Un tel changement a favorisé le surgissement de la notion d’informe. Comme on le sait, la poétique de la contrainte a toujours donné une place centrale à un type particulier d’informe : le clinamen, c’est-à-dire l’infraction unique mais voulue à la contrainte que l’on s’impose. Qui plus est, l’intérêt pour le clinamen se rattache d’une certaine façon — du moins à titre d’hypothèse — à la catégorie d’informe en tant que fondement de l’esthétique contemporaine la plus radicale, celle qu’a illustrée par exemple l’exposition L’informe. Mode d’emploi (Beaubourg, 21 mai – 26 août 1996, commissaires d’exposition : Rosalind Krauss et Yve-Alain Bois3). Rappelons que le terme même d’informe est emprunté à Georges Bataille, qui l’avait défini dès 1929 dans la revue Documents : « Un mot dont la besogne est de déclasser, défaire la pensée logique et catégorielle, d’annuler les oppositions sur lesquelles se fonde cette pensée (figure et fond, forme
et matière, forme et contenu, intérieur et extérieur, masculin et féminin, etc.4) »
La notion d'informe touche diversement au champ de la contrainte et de la forme. D’une part, elle permet de repenser l’écriture à contraintes comme une stratégie d’opposition à l’informe. D’autre part, elle problématise le « goût » de la forme comme un « dégoût » de ce qui définit, pour peu qu’on se réclame de l’héritage de Bataille, le côté pulsionnel, physique, « sale » de l’informe.
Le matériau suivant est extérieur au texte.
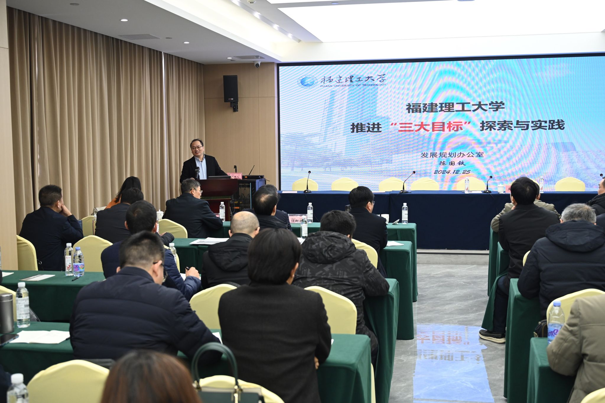 陈国铁以“福建理工大学推进“三大目标”探索与实践”为题作了专题报告,他围绕“规划先行”“统一思想”“落实实施”“探索实践”等方面,介绍了福建理工大学的先进经验和发展谋划。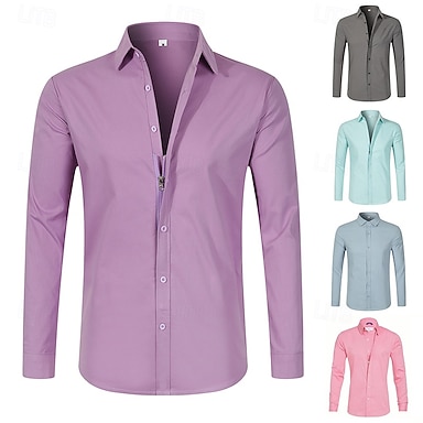 Per uomo Camicia Camicia elegante Camicia Oxford Camicia con Bottoni Semplice Matrimonio All'aperto Blu chiaro Nero Rosa Viola Manica Lunga Bavero Estate Primavera Abbigliamento Cerniera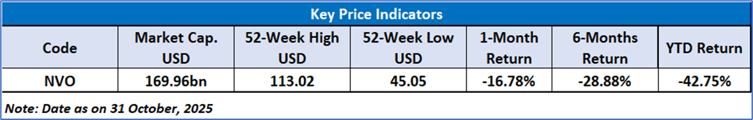 Novo Nordisk A/S (NYSE: NVO) is a global healthcare company specializing in diabetes management and treatment. It focuses on the research, development, production, and commercialization of pharmaceutical products. The company operates through two primary business segments: Diabetes and Obesity Care and Biopharmaceuticals.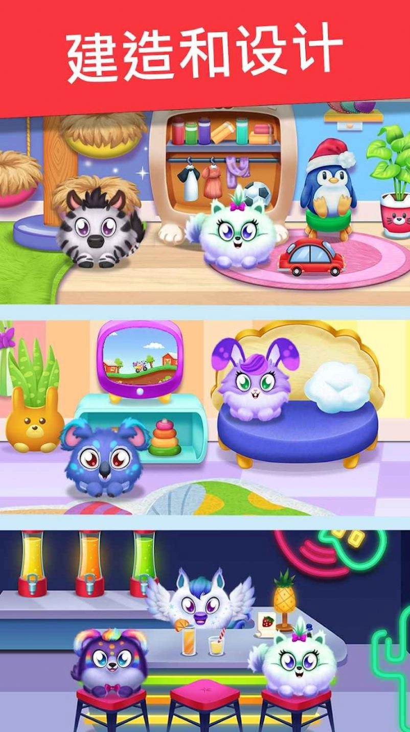 2、精致的卡通游戏世界,以不同的方式装扮,搭配精致的细节;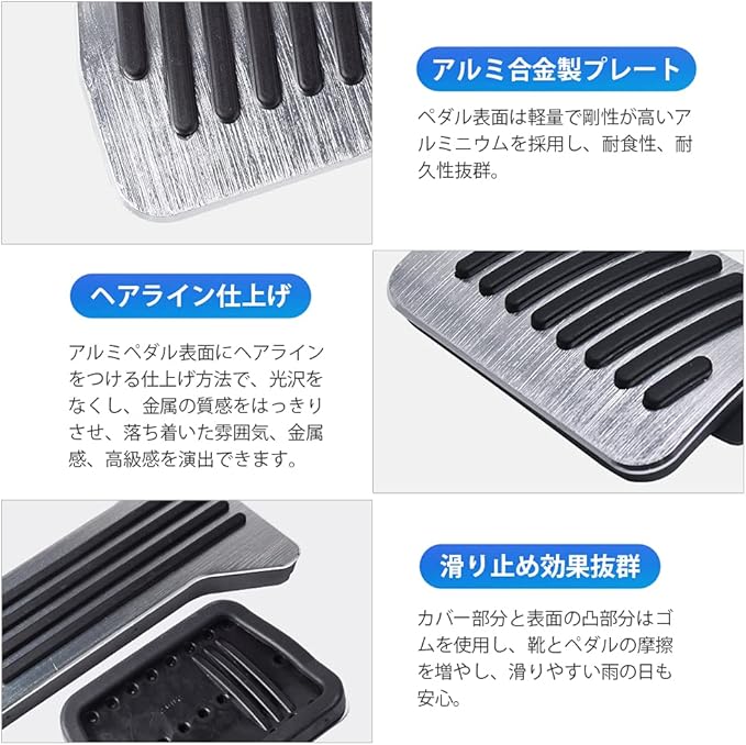 優れた素材:ペダル表面は軽量で剛性が高いアルミニウムを採用し、カバー部分と表面の凸部分はゴムを使用し、靴とペダルの摩擦を増やし、滑りやすい雨の日も安心。ドライブの安全性を向上する一方、足元の質感もアップします。

Le projet du colloque n’était pas seulement d’emboîter le pas à tous ceux qui, dans le sillage de Bois et de Krauss, se sont fait les apôtres de l’informe. Il était plutôt celui de s’interroger sur la persistance des pratiques et des théories de la forme à une époque, celle de l’âge moderne qui naît à la fin du XVIIIe siècle, massivement dominée par la remise en question des formes traditionnelles ou académiques. S’appuyant sur l’observation qu’il existe aujourd’hui un foisonnement de formes et d’anti-formes dans l’art contemporain, ainsi que dans la création poétique au sens large (roman expérimental, littérature numérique, poésie sonore, visuelle, etc.), les organisateurs ont cependant voulu mettre l’accent sur bien d’autres considérations que la description ou l’analyse de la forme en tant que telle. Tenant compte de l’engouement pour l’informe, dont témoigne en littérature un projet comme la Revue de littérature générale (1995-1996), ils ont invité les participants à s’interroger sur la pérennité d’un souci formel à l’intérieur même des pratique de l’informe. L’enjeu fondamental du colloque est devenu dès lors la double polarité entre forme et informe dont Formules a voulu réaffirmer la prépondérance en reprenant l’analyse de ses implications et développements depuis l’aube du xxe siècle jusqu’à nos jours.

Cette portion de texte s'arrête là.